<<<<
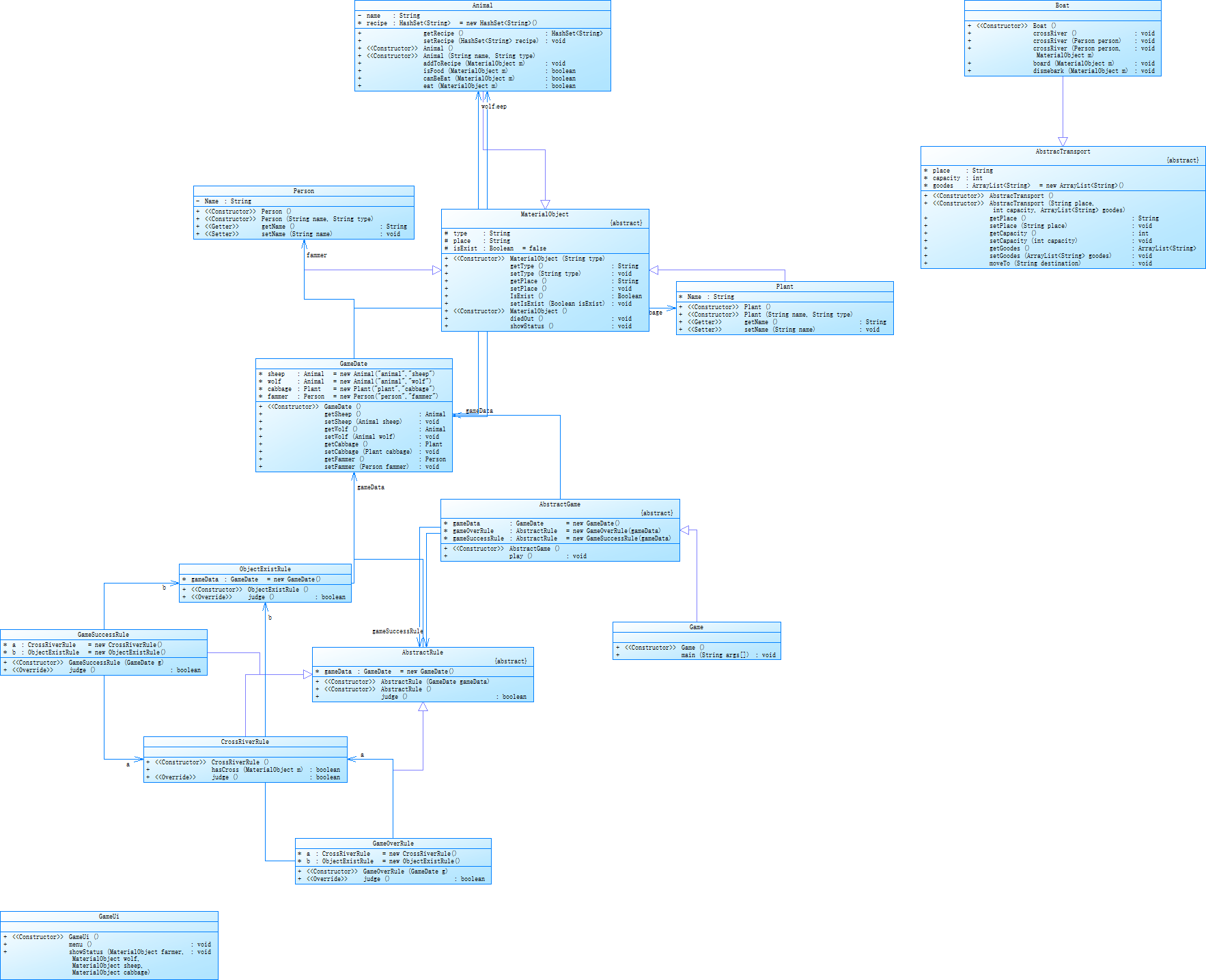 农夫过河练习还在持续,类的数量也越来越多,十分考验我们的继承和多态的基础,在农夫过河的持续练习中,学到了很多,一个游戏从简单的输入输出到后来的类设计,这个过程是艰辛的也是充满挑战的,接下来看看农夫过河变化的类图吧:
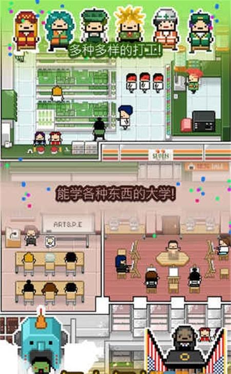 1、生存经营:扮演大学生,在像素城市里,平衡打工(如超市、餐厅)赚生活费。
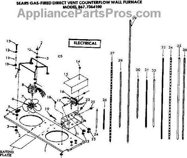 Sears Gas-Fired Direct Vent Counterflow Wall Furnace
>>>>
Return the complete data unchanged and include none of the pictures.

 农夫过河练习还在持续,类的数量也越来越多,十分考验我们的继承和多态的基础,在农夫过河的持续练习中,学到了很多,一个游戏从简单的输入输出到后来的类设计,这个过程是艰辛的也是充满挑战的,接下来看看农夫过河变化的类图吧:
 1、生存经营:扮演大学生,在像素城市里,平衡打工(如超市、餐厅)赚生活费。
 Sears Gas-Fired Direct Vent Counterflow Wall Furnace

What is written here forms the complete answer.